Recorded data
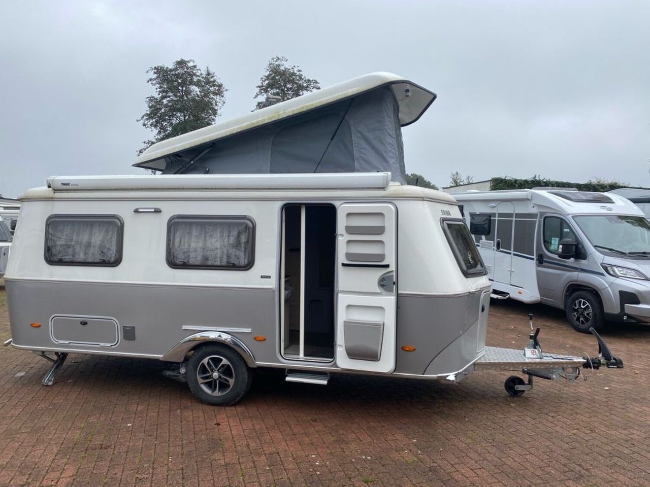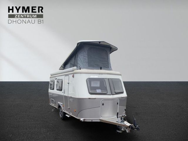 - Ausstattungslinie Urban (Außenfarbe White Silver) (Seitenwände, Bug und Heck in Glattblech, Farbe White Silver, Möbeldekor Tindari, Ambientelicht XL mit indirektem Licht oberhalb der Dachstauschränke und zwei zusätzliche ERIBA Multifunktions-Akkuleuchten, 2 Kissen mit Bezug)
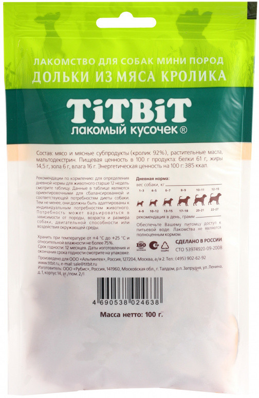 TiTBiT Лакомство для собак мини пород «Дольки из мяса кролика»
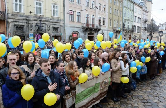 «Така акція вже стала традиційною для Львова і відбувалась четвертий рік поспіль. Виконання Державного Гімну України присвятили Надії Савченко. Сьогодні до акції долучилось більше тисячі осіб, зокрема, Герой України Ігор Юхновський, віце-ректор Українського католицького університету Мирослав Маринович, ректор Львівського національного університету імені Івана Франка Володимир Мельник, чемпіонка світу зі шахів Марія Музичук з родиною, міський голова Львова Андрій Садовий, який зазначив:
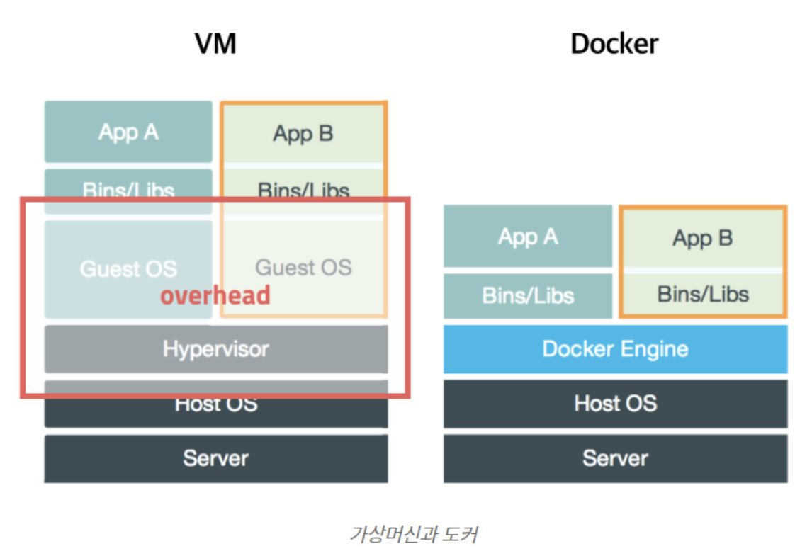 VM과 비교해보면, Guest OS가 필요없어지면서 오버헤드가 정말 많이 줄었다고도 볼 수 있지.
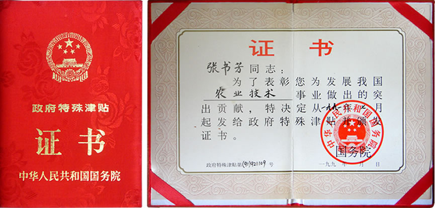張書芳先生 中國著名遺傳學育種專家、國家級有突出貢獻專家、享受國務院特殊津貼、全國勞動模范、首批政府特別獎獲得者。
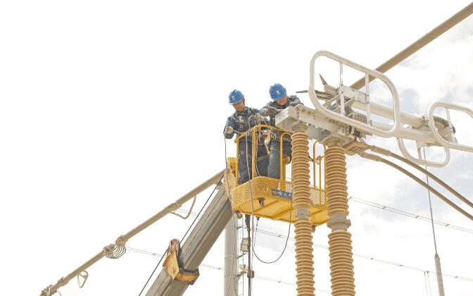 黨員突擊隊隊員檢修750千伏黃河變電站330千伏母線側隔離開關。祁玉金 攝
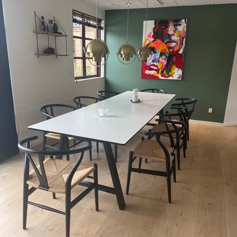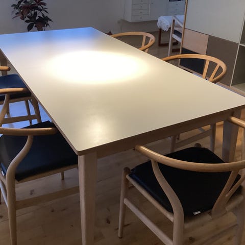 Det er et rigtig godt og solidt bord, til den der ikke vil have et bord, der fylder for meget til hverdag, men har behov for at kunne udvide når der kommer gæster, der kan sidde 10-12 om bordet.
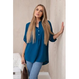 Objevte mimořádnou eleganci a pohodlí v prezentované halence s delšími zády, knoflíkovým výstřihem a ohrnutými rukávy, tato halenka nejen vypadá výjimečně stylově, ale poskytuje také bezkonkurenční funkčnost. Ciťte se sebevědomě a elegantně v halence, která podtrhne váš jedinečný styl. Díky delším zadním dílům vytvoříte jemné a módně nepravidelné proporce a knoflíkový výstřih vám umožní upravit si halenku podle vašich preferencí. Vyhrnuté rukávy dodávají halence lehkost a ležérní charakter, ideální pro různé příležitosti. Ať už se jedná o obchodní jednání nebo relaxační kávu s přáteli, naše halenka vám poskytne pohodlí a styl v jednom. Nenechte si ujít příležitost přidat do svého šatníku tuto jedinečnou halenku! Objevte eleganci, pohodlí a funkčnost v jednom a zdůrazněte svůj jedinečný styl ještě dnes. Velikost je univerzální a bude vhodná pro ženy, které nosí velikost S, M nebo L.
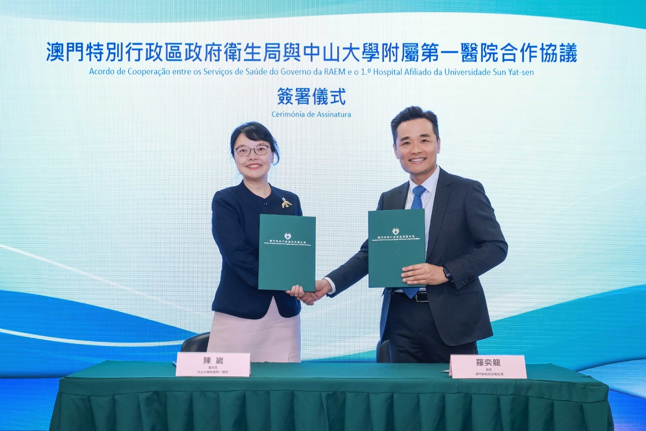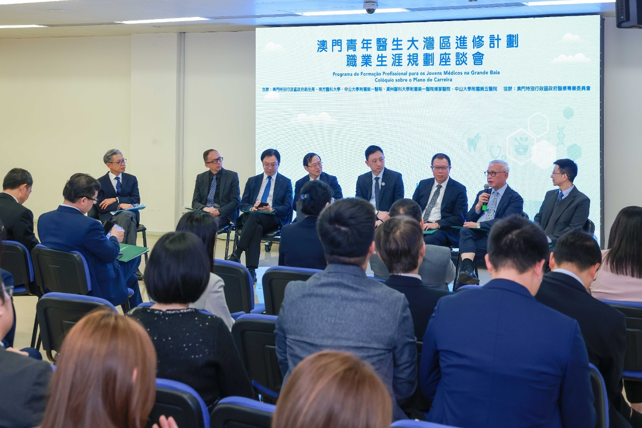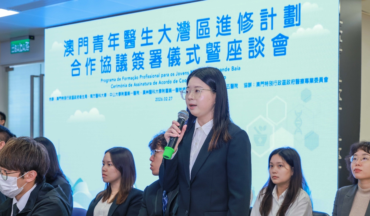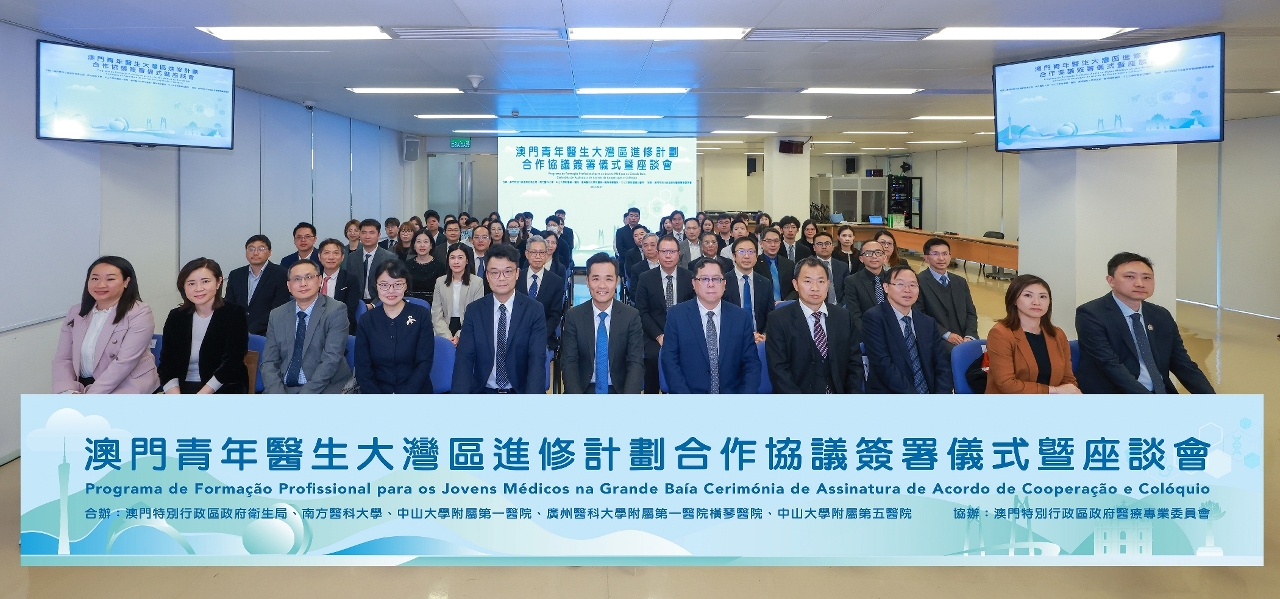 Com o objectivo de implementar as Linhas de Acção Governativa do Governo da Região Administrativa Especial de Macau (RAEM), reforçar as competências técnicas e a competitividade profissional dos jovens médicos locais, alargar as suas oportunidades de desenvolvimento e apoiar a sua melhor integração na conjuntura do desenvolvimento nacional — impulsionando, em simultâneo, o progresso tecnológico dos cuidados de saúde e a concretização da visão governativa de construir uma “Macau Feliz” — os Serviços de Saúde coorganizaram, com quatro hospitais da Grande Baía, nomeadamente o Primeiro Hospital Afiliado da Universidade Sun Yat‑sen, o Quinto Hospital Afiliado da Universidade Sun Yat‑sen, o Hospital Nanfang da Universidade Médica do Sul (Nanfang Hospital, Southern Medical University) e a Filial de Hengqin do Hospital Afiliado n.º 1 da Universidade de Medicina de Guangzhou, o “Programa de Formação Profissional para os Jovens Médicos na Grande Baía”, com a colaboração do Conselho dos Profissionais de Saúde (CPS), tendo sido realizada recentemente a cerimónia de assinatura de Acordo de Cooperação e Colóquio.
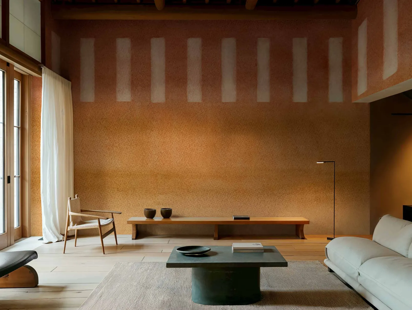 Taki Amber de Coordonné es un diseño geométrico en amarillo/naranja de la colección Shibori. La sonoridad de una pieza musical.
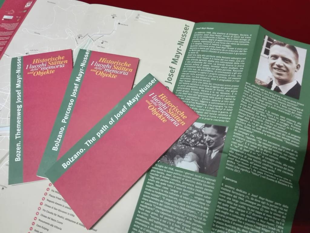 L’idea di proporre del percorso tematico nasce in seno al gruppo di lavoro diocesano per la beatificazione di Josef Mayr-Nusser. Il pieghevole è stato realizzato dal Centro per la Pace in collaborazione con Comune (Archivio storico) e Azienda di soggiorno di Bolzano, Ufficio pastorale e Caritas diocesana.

Work to be completed
Leaving out the pictures, print every record exactly as written.

Result
 - Ausstattungslinie Urban (Außenfarbe White Silver) (Seitenwände, Bug und Heck in Glattblech, Farbe White Silver, Möbeldekor Tindari, Ambientelicht XL mit indirektem Licht oberhalb der Dachstauschränke und zwei zusätzliche ERIBA Multifunktions-Akkuleuchten, 2 Kissen mit Bezug)
 TiTBiT Лакомство для собак мини пород «Дольки из мяса кролика»
 «Така акція вже стала традиційною для Львова і відбувалась четвертий рік поспіль. Виконання Державного Гімну України присвятили Надії Савченко. Сьогодні до акції долучилось більше тисячі осіб, зокрема, Герой України Ігор Юхновський, віце-ректор Українського католицького університету Мирослав Маринович, ректор Львівського національного університету імені Івана Франка Володимир Мельник, чемпіонка світу зі шахів Марія Музичук з родиною, міський голова Львова Андрій Садовий, який зазначив:
 VM과 비교해보면, Guest OS가 필요없어지면서 오버헤드가 정말 많이 줄었다고도 볼 수 있지.
張書芳先生 中國著名遺傳學育種專家、國家級有突出貢獻專家、享受國務院特殊津貼、全國勞動模范、首批政府特別獎獲得者。
 黨員突擊隊隊員檢修750千伏黃河變電站330千伏母線側隔離開關。祁玉金 攝
 Det er et rigtig godt og solidt bord, til den der ikke vil have et bord, der fylder for meget til hverdag, men har behov for at kunne udvide når der kommer gæster, der kan sidde 10-12 om bordet.
 Objevte mimořádnou eleganci a pohodlí v prezentované halence s delšími zády, knoflíkovým výstřihem a ohrnutými rukávy, tato halenka nejen vypadá výjimečně stylově, ale poskytuje také bezkonkurenční funkčnost. Ciťte se sebevědomě a elegantně v halence, která podtrhne váš jedinečný styl. Díky delším zadním dílům vytvoříte jemné a módně nepravidelné proporce a knoflíkový výstřih vám umožní upravit si halenku podle vašich preferencí. Vyhrnuté rukávy dodávají halence lehkost a ležérní charakter, ideální pro různé příležitosti. Ať už se jedná o obchodní jednání nebo relaxační kávu s přáteli, naše halenka vám poskytne pohodlí a styl v jednom. Nenechte si ujít příležitost přidat do svého šatníku tuto jedinečnou halenku! Objevte eleganci, pohodlí a funkčnost v jednom a zdůrazněte svůj jedinečný styl ještě dnes. Velikost je univerzální a bude vhodná pro ženy, které nosí velikost S, M nebo L.
 Com o objectivo de implementar as Linhas de Acção Governativa do Governo da Região Administrativa Especial de Macau (RAEM), reforçar as competências técnicas e a competitividade profissional dos jovens médicos locais, alargar as suas oportunidades de desenvolvimento e apoiar a sua melhor integração na conjuntura do desenvolvimento nacional — impulsionando, em simultâneo, o progresso tecnológico dos cuidados de saúde e a concretização da visão governativa de construir uma “Macau Feliz” — os Serviços de Saúde coorganizaram, com quatro hospitais da Grande Baía, nomeadamente o Primeiro Hospital Afiliado da Universidade Sun Yat‑sen, o Quinto Hospital Afiliado da Universidade Sun Yat‑sen, o Hospital Nanfang da Universidade Médica do Sul (Nanfang Hospital, Southern Medical University) e a Filial de Hengqin do Hospital Afiliado n.º 1 da Universidade de Medicina de Guangzhou, o “Programa de Formação Profissional para os Jovens Médicos na Grande Baía”, com a colaboração do Conselho dos Profissionais de Saúde (CPS), tendo sido realizada recentemente a cerimónia de assinatura de Acordo de Cooperação e Colóquio.
 Taki Amber de Coordonné es un diseño geométrico en amarillo/naranja de la colección Shibori. La sonoridad de una pieza musical.
 L’idea di proporre del percorso tematico nasce in seno al gruppo di lavoro diocesano per la beatificazione di Josef Mayr-Nusser. Il pieghevole è stato realizzato dal Centro per la Pace in collaborazione con Comune (Archivio storico) e Azienda di soggiorno di Bolzano, Ufficio pastorale e Caritas diocesana.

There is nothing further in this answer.